Jaw plates and jib strips
Jan 10, 2020
This past week I completed my vice. I had to produce two jaw plates, the jib strip and retaining plate as well returning to the main vice body to bring the ends down to size and produce the various threaded holes. To do this I had to fit an angle plate to the bed of the machine and clock it with a DTI (dial test indictor) to set it square to the machine. I then deburred and polished all the pieces. It was a great relief when all the pieces fitted together after some filling and re-running dies and taps through the more difficult pieces, but I was very happy when it all finally came together. I then helped some others who were still finishing, particularly with clocking the angle plate square. I am currently working on the paperwork to sign off on the project, which is a necessary part of learning to be an effective machinist. I am looking forward to moving onto the CNC machines next week as I have never used one before and it will be a totally new experience.

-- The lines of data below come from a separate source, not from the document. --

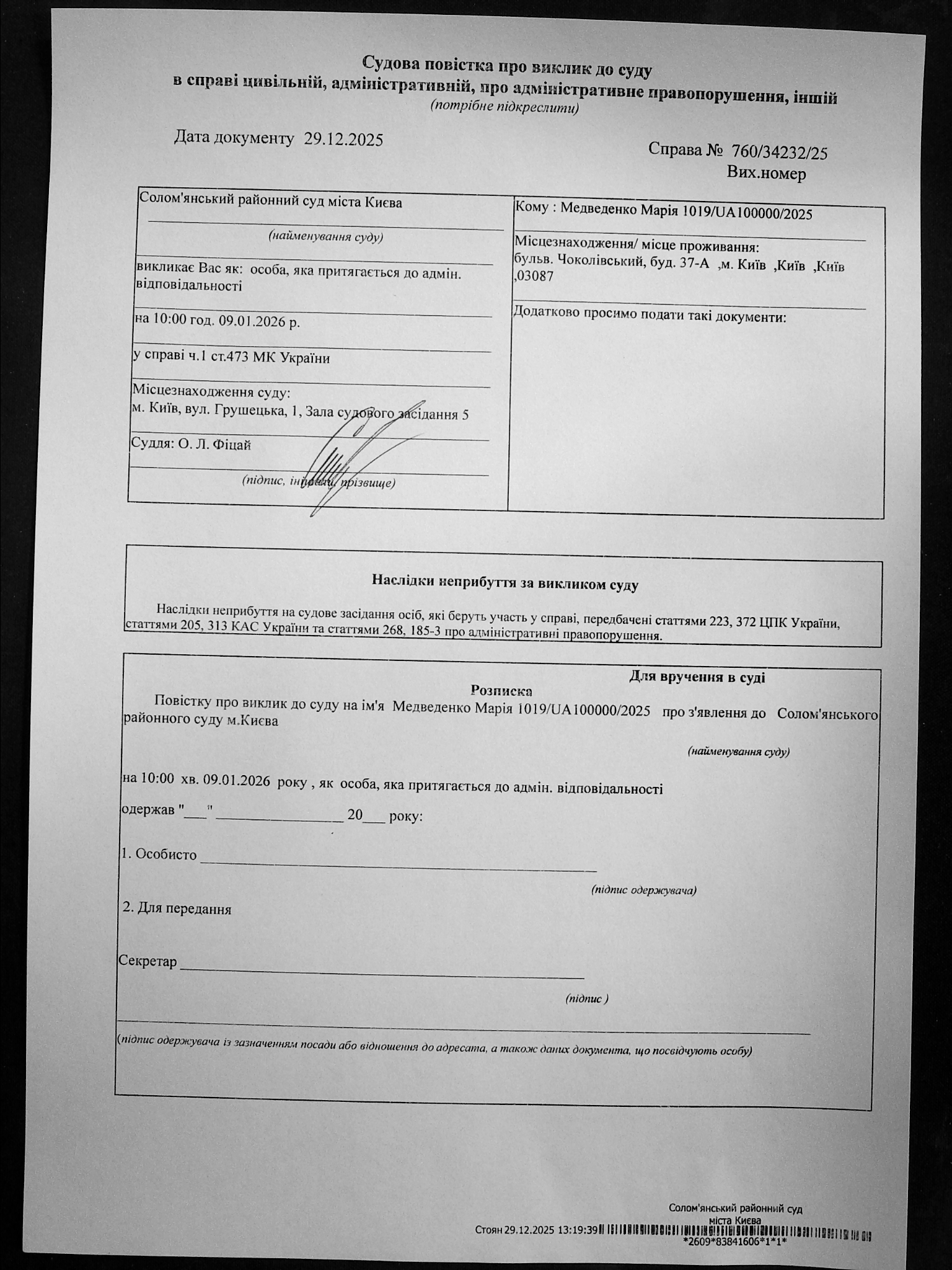 Оголошення про виклик до суду про справі 760/34232/25 Медведенко Марія
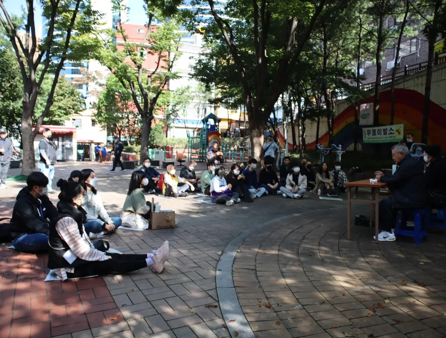 청소를 마친 뒤, 공원에서 주민들과 간담회를 했습니다. '죽기 전에 집다운 집에서 살고 싶다' 이야기하는 주민께 기후위기로 나날이 열악해지는 주거불평등의 현실을 함께 들었습니다.
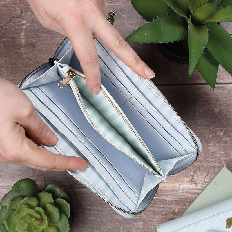 Velká dámská peněženka bude ideálním doplňkem pro náročné – hlavní kapsa je uzavíratelná na zip, uvnitř jsou z obou stran velké přihrádky na bankovky a účtenky, které doplňuje celkem 8 menších kapsiček na karty, čipy a žetony. Uprostřed je velká kapsa na zip pro uschování mincí.
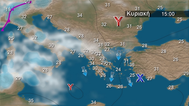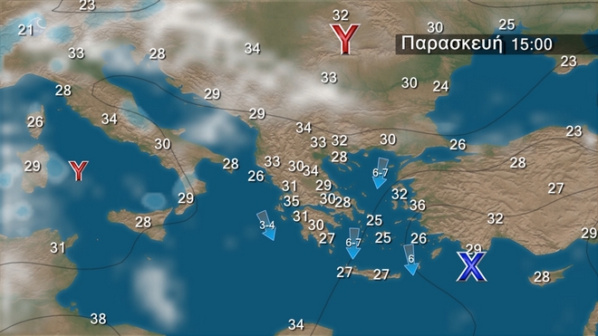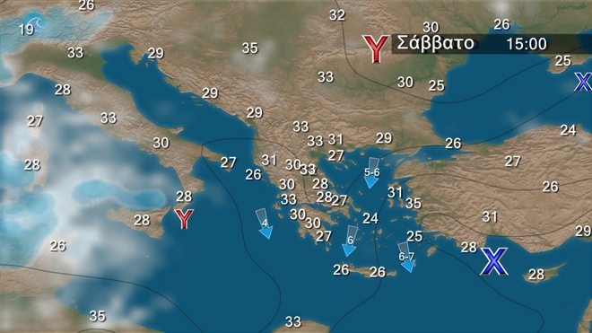 Γενικά αίθριος καιρός με πρόσκαιρες νεφώσεις τις πρωινές ώρες στις Κυκλάδες και την Κρήτη. Τις μεσημβρινές και απογευματινές ώρες στα δυτικά και βόρεια ηπειρωτικά θα αναπτυχθούν τοπικές νεφώσεις. Οι άνεμοι θα πνέουν από βόρειες διευθύνσεις στα δυτικά 3 με 5, στα ανατολικά 4 με 6 και πρόσκαιρα στο Αιγαίο τοπικά 7 μποφόρ. Η θερμοκρασία δεν θα σημειώσει αξιόλογη μεταβολή.
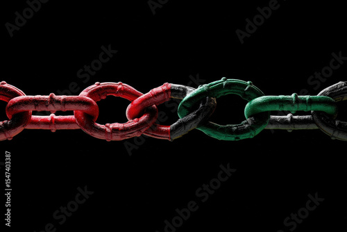 Juneteenth Freedom Chain. A chain representing Juneteenth, with red, black, and green links against a black background, symbolizing freedom and heritage.
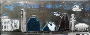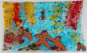 2024Naar een cartoon van R.Crumb (jaren '70) maar dan in glas en 3D. Contour fuse dus met veel reliëf. Het lijkt wel of je het na je pensioen nog drukker krijgt.
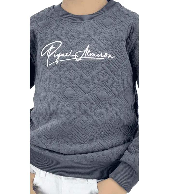 سويت شيرت أولادي روند مطبوع مبطن رصاصي
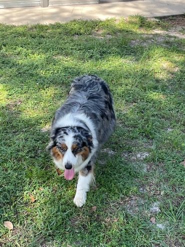 Maggie is spayed. She is crate trained. Walks well on a leash. Know simple commands. She is very calm in the house and enjoys her chewing bones. She will require the right family member, who is knowable on how to care for a special aussie, who is not fond of strangers.
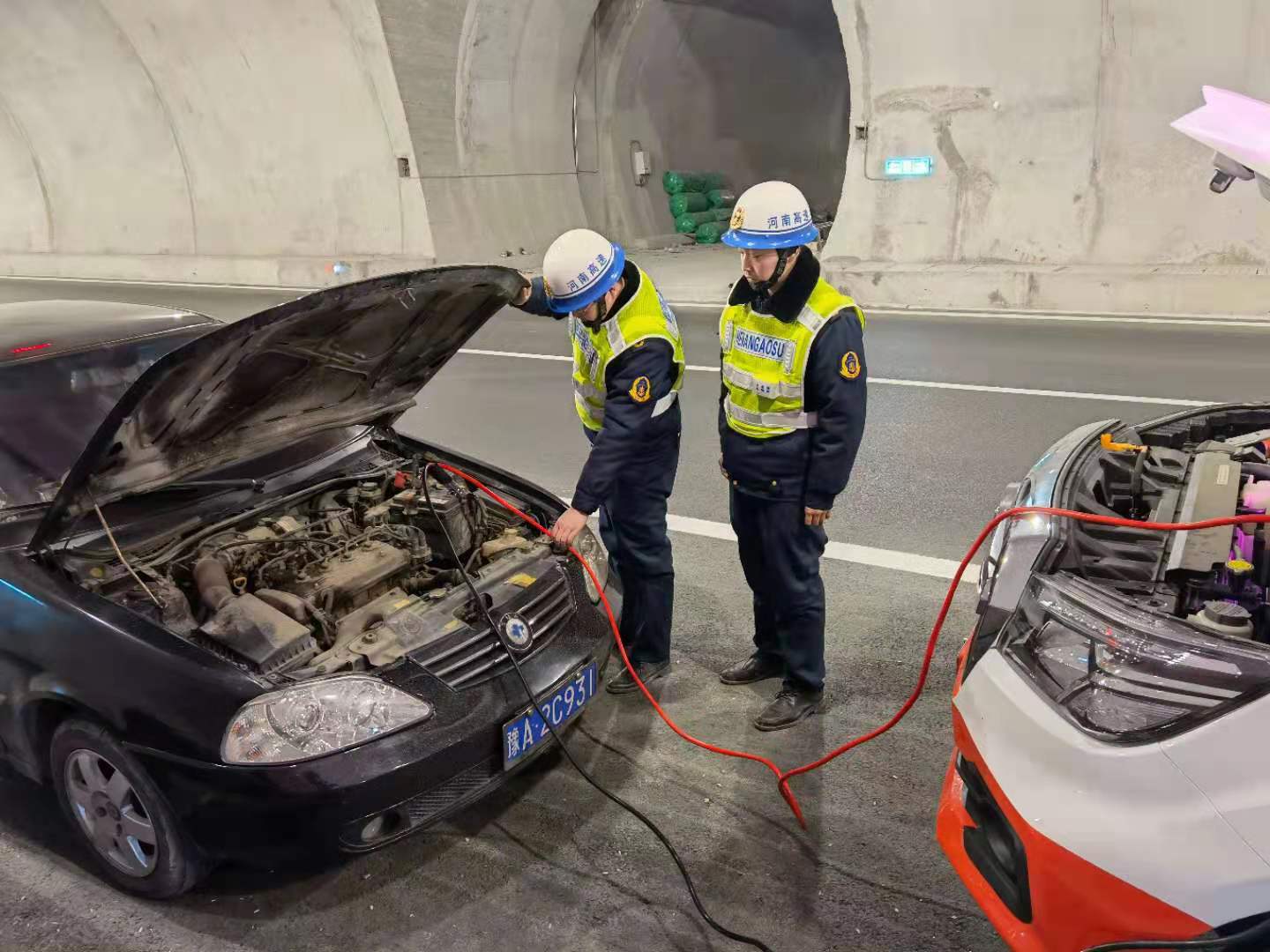 2021年1月26日14时10分尧山西路产大队巡查人员由东向西方向正常巡查至S88郑西高速K208+200m(上行)木扎岭隧道北半幅时发现紧急停车港湾内滞留一辆小型客车,巡逻人员停车前去查看询问。该车辆因电瓶故障无法行驶,了解情况后迅速设置安全区,主动取出巡逻车辆随车携带的电瓶连接线帮助司机搭接连电,14时13分,车辆启动,故障排除后安全驶离。

Moving from manual to CNC milling
Jan 17, 2020
I have finished the paperwork for my vice and therefore completed manual milling. I am very happy with how the past seven weeks went as I now feel comfortable and able to undertake manual milling in the work place to a good standard. On Monday we moved onto CNC milling where I will spend the next seven weeks. The machines we will be using are manufactured by HAAS but until then we will be practising on simulators which have an identical control panel to the machines. We began on the machine by programming some simple codes like having the spindle move in the X and Y plane in the shape of a square with radii and chamfers on the corners. It was much easier than I had expected as all the information on the monitors at first seemed quite overwhelming but it took only a few hours before I could program some simple functions.
Going above and beyond
Jan 24, 2020
On ‘return to work Friday’ the AMRC ASTC team were kind enough to allow me to continue my professional development as I saw fit. So I decided that I would continue to make improvements to my vice beyond what was required in the assessment. I decided to drill a hole through the knurled handle to accommodate a steel tommy bar. I then began to make various jib strips from different materials, such as brass and PTFE so that I could decide which material best suited for each application. I very much enjoyed doing this because it made the vice feel more like my own creation because I had gone further and made my own alterations and improvements rather than just following someone else’s drawing.
Setting the CNC
Jan 31, 2020
This week I have been learning how to manually set the CNC milling machine and run a pre-designed program. This was surprisingly similar to the manual milling. I expected the machine to have an internal detection system that could set the machine to the workpiece. But instead, many of the functions were similar to manual milling, such as finding the zero with the wobble bar and setting the vice square with a DTI (Dial Test Indicator). Another interesting change was how the machine could hold all the required tools and how you had to set the tools in accordance with the program. It was quite tense when I set the machine running for the first time since, but luckily I completed the piece without breaking any tools.